Author’s Letter
Dear Readers,
If people ask me what I’ve been doing over the past couple of years or since the publication of the 3rd edition of Cassowary Hill, I sometimes just say that although I may not have been visibly productive, I haven’t been too idle! What follows may be more helpful.
I began research for the setting of my new book project in 2018, and that included traveling – in the magnificently forested Oregon-California border area, and in England, and in the Channel Islands (west of France’s Cherbourg Peninsula) where I unearthed some usefully detailed records in the Jersey Archive. Not that it’s a historical novel I’m working on, but some of the characters have backgrounds about which I needed to become better informed.
Today we have a profusion of tedious and predictable “celebrities”, whose status serves as a kind of currency, especially in the media and, yes, in politics too. Their preposterousness is generally bogus – contrived to engage what used to be called “the admass”, so of course it’s almost defined by conventionality. My own generation had its short-lived “counterculture”, which embraced idiosyncrasy of all sorts and was genuine in its way, but we were mostly under thirty and, regrettably, the majority eventually sold out to pragmatism, got on with mainstream careers and settled for the paltry pleasures of suburban consumerism. Two of my male characters are of that generation, one of whom is a natural-born nonconformist and an irredeemable free spirit.

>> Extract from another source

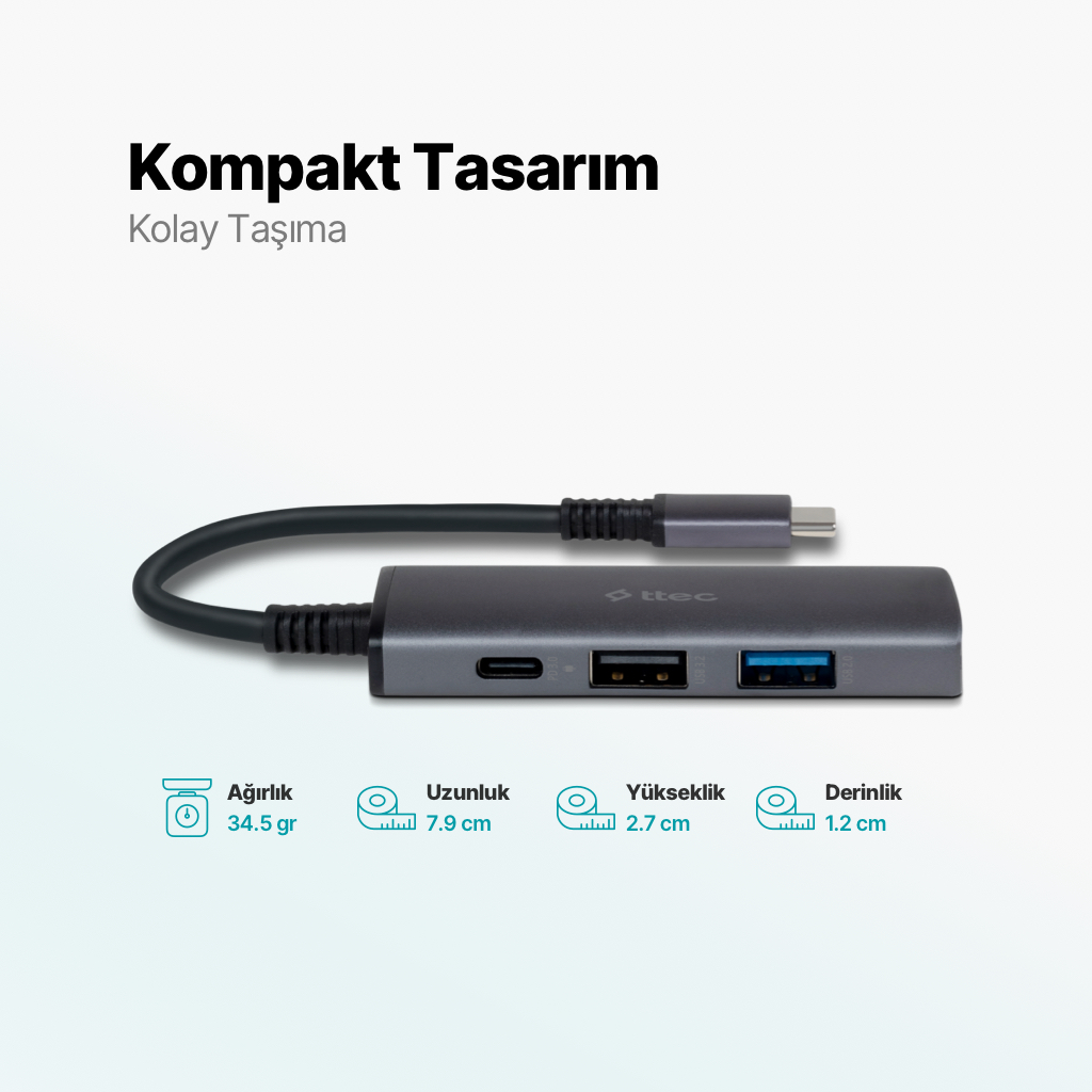 - USB-C 4'ü 1 arada çoklu dönüştürücü adaptör

The other is less intractable, attempting with light irony to straddle both worlds – that of the “freaks” and that of the “straights”. (This was before the latter term came to denote sexual preference.)
Coming from significantly different backgrounds, but, thrown together as young boys in a grimly hostile environment, they become loyal friends. Their great common factor is the chance connection with a charismatic and constantly surprising middle-aged woman. Over time, the bonds of this eccentric threesome are threatened by a combination of both commonplace and unanticipated circumstances.

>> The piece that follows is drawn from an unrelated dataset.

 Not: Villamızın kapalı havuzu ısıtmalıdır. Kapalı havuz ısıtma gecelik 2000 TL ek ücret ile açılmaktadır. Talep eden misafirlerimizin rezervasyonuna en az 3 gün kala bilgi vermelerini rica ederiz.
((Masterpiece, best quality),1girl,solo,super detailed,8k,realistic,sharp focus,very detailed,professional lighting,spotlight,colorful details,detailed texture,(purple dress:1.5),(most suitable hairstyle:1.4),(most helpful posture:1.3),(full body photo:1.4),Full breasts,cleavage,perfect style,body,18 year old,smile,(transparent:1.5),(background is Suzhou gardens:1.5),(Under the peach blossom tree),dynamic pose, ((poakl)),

The female character is the driving force of my book. I believe that people who ask what I’m writing now are typically curious about what would follow a novel like Cassowary Hill. They may suspect that I’d want to pursue, in some different way, one of its themes – perhaps relating to the natural environment, or to the relations between humans and animals, or to a geopolitical cause. I take that as a compliment. However, while a distressingly common form of traumatic experience is integral to the plot and characterization (one with which I’ve been unhappily but tangentially acquainted), it’s not primarily introduced for a social or moralistic cause. I think my strongest motivation, aside from whatever one can blame on the artistic impulse, lies in observing the function that an older, clear-eyed, sympathetic (and in this case often hilarious) person can perform through a chance connection, having nothing to do with family relationship, social position, presumed responsibility, or even a bleeding heart. My inspiration, of course, comes from having known just such a person. She was a kind of honorary aunt and an improbable friend for me when I was sent from “abroad” to an English boarding school, and our lives overlapped intermittently – but blessedly – until she died twenty years later. She was also a very funny person, and this too has infected the narrative. Knowing that it may jar with the current tide of jaundiced realism, I’m afraid that I’m cooking up a novel of defiant optimism. I think it’s realism too, not at all fantastical, and a raucous celebration to boot. Readers and friends, we may have our wrists slapped, but that will be part of the fun.